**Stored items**
....................

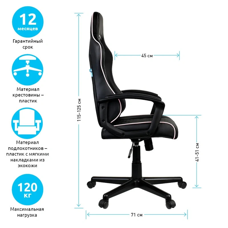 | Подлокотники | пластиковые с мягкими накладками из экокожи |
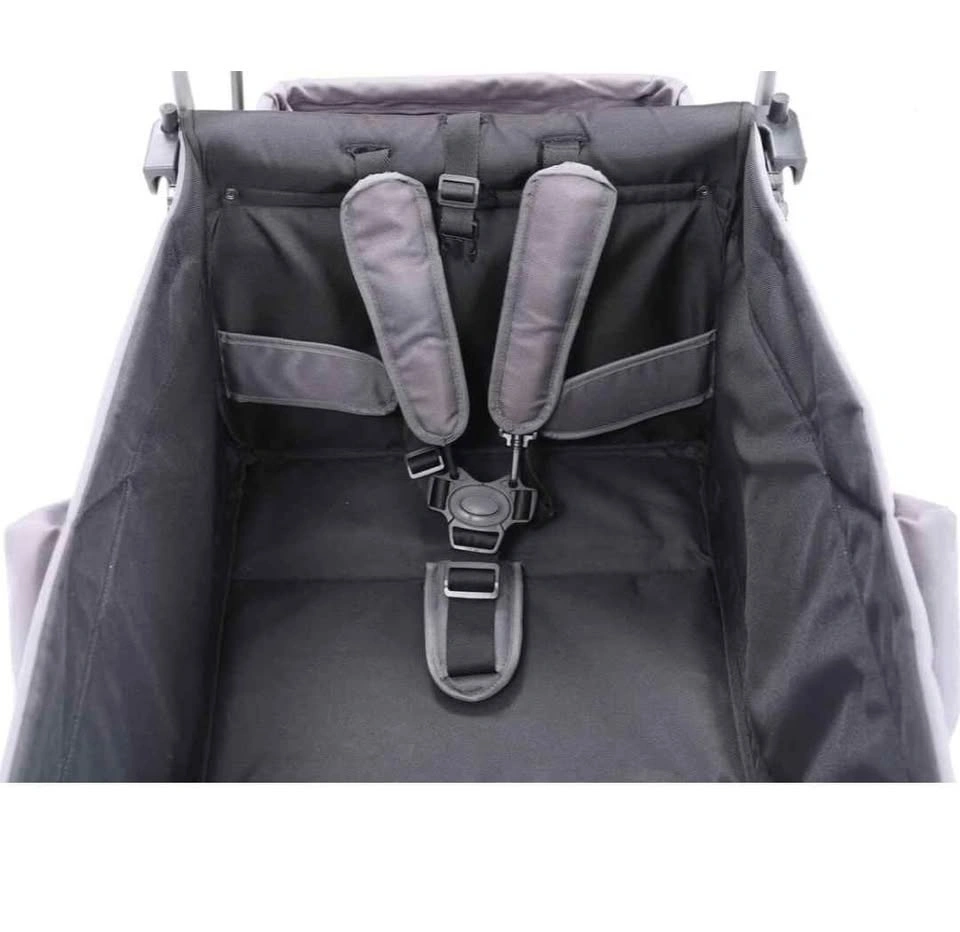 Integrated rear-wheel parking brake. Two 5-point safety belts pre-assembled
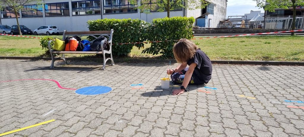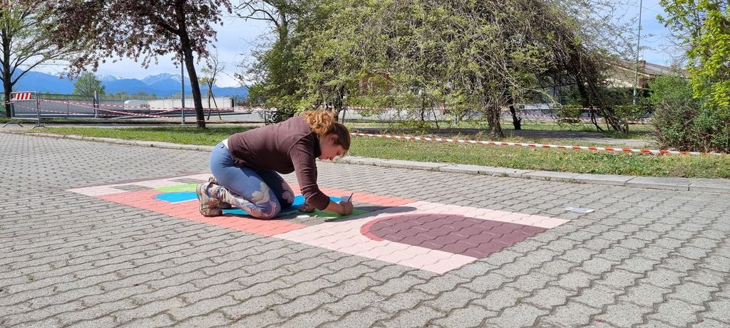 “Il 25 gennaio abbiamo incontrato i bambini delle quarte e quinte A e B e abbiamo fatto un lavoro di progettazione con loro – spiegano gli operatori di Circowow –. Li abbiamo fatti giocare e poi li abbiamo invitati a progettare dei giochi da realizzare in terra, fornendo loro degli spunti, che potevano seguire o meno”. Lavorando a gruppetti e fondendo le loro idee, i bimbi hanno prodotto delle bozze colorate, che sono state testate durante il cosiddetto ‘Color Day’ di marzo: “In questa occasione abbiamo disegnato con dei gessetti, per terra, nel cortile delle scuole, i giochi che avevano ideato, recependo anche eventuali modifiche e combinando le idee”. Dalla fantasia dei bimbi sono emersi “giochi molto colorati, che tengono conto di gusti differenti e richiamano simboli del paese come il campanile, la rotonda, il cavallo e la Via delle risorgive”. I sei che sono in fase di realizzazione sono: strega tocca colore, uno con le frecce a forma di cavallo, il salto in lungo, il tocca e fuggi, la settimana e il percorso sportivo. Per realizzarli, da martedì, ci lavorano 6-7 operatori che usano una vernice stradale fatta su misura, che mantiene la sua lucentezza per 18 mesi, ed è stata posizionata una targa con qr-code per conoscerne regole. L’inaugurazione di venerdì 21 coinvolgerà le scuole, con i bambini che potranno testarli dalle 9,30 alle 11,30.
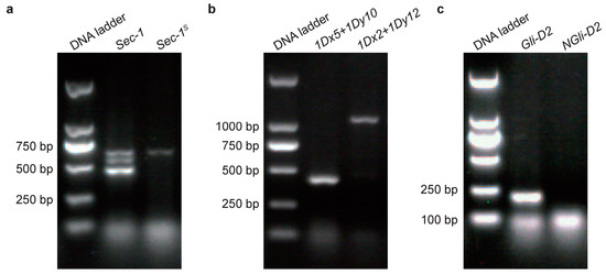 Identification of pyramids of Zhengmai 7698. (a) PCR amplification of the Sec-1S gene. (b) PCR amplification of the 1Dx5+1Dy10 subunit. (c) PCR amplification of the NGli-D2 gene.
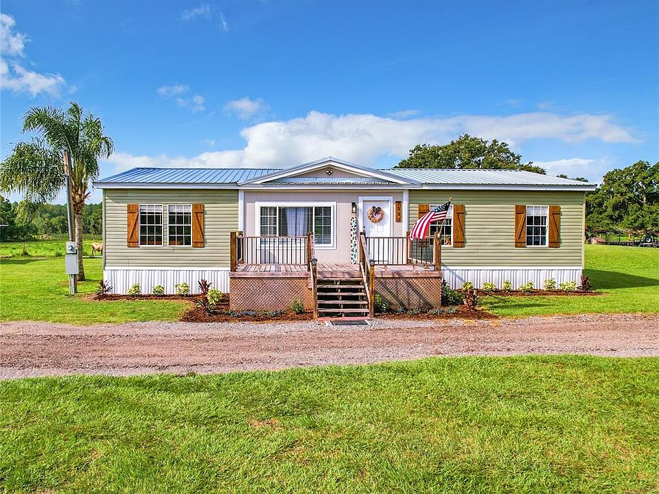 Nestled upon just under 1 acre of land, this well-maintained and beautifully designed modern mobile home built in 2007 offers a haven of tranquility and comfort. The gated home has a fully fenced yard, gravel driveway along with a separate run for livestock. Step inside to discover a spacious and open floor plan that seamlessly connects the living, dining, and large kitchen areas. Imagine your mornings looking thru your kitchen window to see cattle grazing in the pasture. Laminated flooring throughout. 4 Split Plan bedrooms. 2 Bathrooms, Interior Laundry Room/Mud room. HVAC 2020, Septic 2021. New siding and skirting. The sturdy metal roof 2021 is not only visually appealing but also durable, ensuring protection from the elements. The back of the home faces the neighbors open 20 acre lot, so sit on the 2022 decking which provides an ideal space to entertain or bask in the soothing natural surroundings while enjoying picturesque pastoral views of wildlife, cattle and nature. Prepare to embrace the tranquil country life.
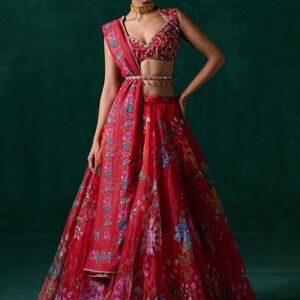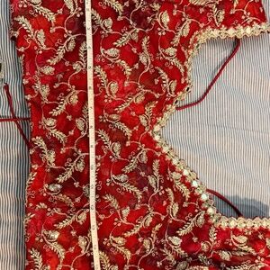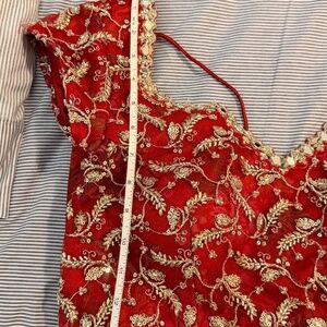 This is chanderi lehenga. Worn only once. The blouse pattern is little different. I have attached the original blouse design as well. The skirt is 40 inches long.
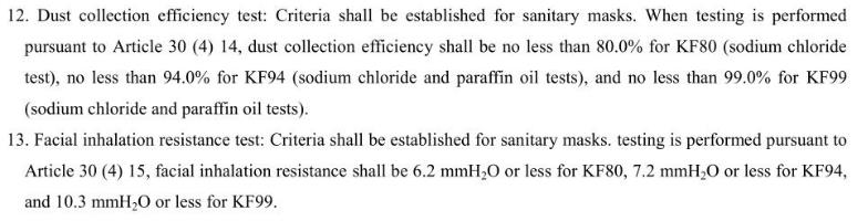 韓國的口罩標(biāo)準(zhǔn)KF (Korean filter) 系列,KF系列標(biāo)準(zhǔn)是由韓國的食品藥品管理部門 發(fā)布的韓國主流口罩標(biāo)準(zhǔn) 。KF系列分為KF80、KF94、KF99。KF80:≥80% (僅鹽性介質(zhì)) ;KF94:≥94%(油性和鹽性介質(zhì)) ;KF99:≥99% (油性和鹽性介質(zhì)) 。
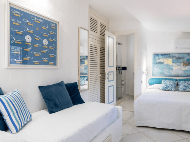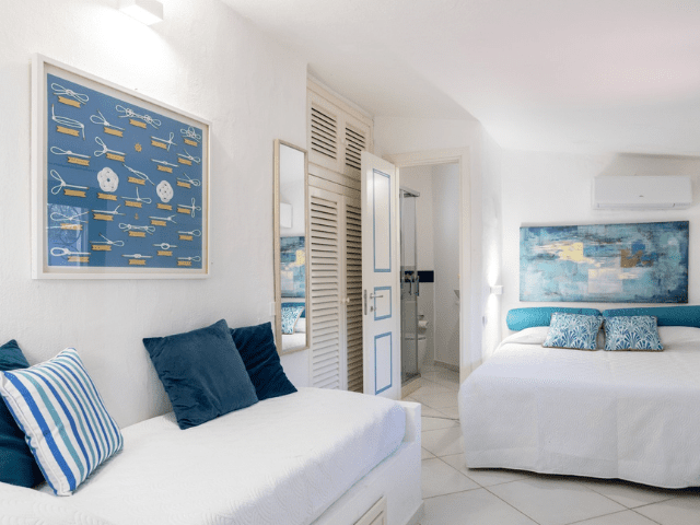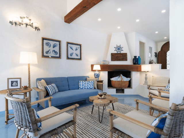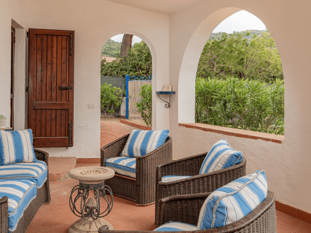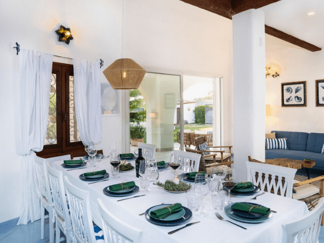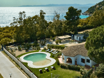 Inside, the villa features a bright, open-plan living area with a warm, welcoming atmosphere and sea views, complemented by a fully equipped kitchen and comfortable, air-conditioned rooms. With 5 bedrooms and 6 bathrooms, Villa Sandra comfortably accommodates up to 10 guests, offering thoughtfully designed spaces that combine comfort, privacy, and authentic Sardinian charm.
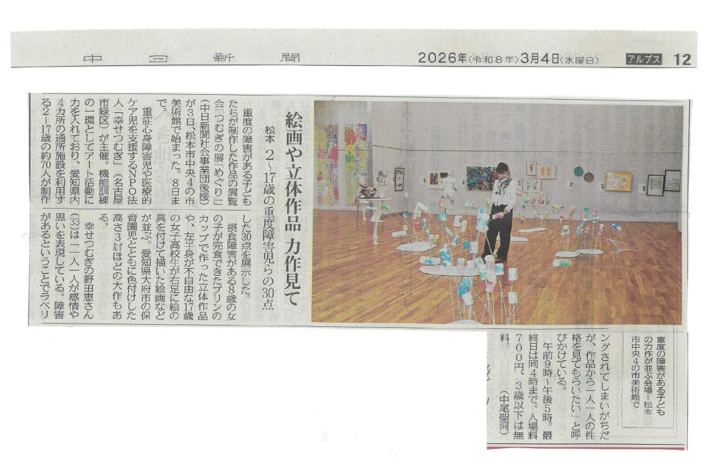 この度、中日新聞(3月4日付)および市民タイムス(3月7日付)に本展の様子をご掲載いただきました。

....................

**TRY IT**
Exactly as written, restate all of the data, leaving out the images.

**ANSWER SPACE**
 | Подлокотники | пластиковые с мягкими накладками из экокожи |
 Integrated rear-wheel parking brake. Two 5-point safety belts pre-assembled
 “Il 25 gennaio abbiamo incontrato i bambini delle quarte e quinte A e B e abbiamo fatto un lavoro di progettazione con loro – spiegano gli operatori di Circowow –. Li abbiamo fatti giocare e poi li abbiamo invitati a progettare dei giochi da realizzare in terra, fornendo loro degli spunti, che potevano seguire o meno”. Lavorando a gruppetti e fondendo le loro idee, i bimbi hanno prodotto delle bozze colorate, che sono state testate durante il cosiddetto ‘Color Day’ di marzo: “In questa occasione abbiamo disegnato con dei gessetti, per terra, nel cortile delle scuole, i giochi che avevano ideato, recependo anche eventuali modifiche e combinando le idee”. Dalla fantasia dei bimbi sono emersi “giochi molto colorati, che tengono conto di gusti differenti e richiamano simboli del paese come il campanile, la rotonda, il cavallo e la Via delle risorgive”. I sei che sono in fase di realizzazione sono: strega tocca colore, uno con le frecce a forma di cavallo, il salto in lungo, il tocca e fuggi, la settimana e il percorso sportivo. Per realizzarli, da martedì, ci lavorano 6-7 operatori che usano una vernice stradale fatta su misura, che mantiene la sua lucentezza per 18 mesi, ed è stata posizionata una targa con qr-code per conoscerne regole. L’inaugurazione di venerdì 21 coinvolgerà le scuole, con i bambini che potranno testarli dalle 9,30 alle 11,30.
 Identification of pyramids of Zhengmai 7698. (a) PCR amplification of the Sec-1S gene. (b) PCR amplification of the 1Dx5+1Dy10 subunit. (c) PCR amplification of the NGli-D2 gene.
 Nestled upon just under 1 acre of land, this well-maintained and beautifully designed modern mobile home built in 2007 offers a haven of tranquility and comfort. The gated home has a fully fenced yard, gravel driveway along with a separate run for livestock. Step inside to discover a spacious and open floor plan that seamlessly connects the living, dining, and large kitchen areas. Imagine your mornings looking thru your kitchen window to see cattle grazing in the pasture. Laminated flooring throughout. 4 Split Plan bedrooms. 2 Bathrooms, Interior Laundry Room/Mud room. HVAC 2020, Septic 2021. New siding and skirting. The sturdy metal roof 2021 is not only visually appealing but also durable, ensuring protection from the elements. The back of the home faces the neighbors open 20 acre lot, so sit on the 2022 decking which provides an ideal space to entertain or bask in the soothing natural surroundings while enjoying picturesque pastoral views of wildlife, cattle and nature. Prepare to embrace the tranquil country life.
 This is chanderi lehenga. Worn only once. The blouse pattern is little different. I have attached the original blouse design as well. The skirt is 40 inches long.
 韓國的口罩標(biāo)準(zhǔn)KF (Korean filter) 系列,KF系列標(biāo)準(zhǔn)是由韓國的食品藥品管理部門 發(fā)布的韓國主流口罩標(biāo)準(zhǔn) 。KF系列分為KF80、KF94、KF99。KF80:≥80% (僅鹽性介質(zhì)) ;KF94:≥94%(油性和鹽性介質(zhì)) ;KF99:≥99% (油性和鹽性介質(zhì)) 。
 Inside, the villa features a bright, open-plan living area with a warm, welcoming atmosphere and sea views, complemented by a fully equipped kitchen and comfortable, air-conditioned rooms. With 5 bedrooms and 6 bathrooms, Villa Sandra comfortably accommodates up to 10 guests, offering thoughtfully designed spaces that combine comfort, privacy, and authentic Sardinian charm.
 この度、中日新聞(3月4日付)および市民タイムス(3月7日付)に本展の様子をご掲載いただきました。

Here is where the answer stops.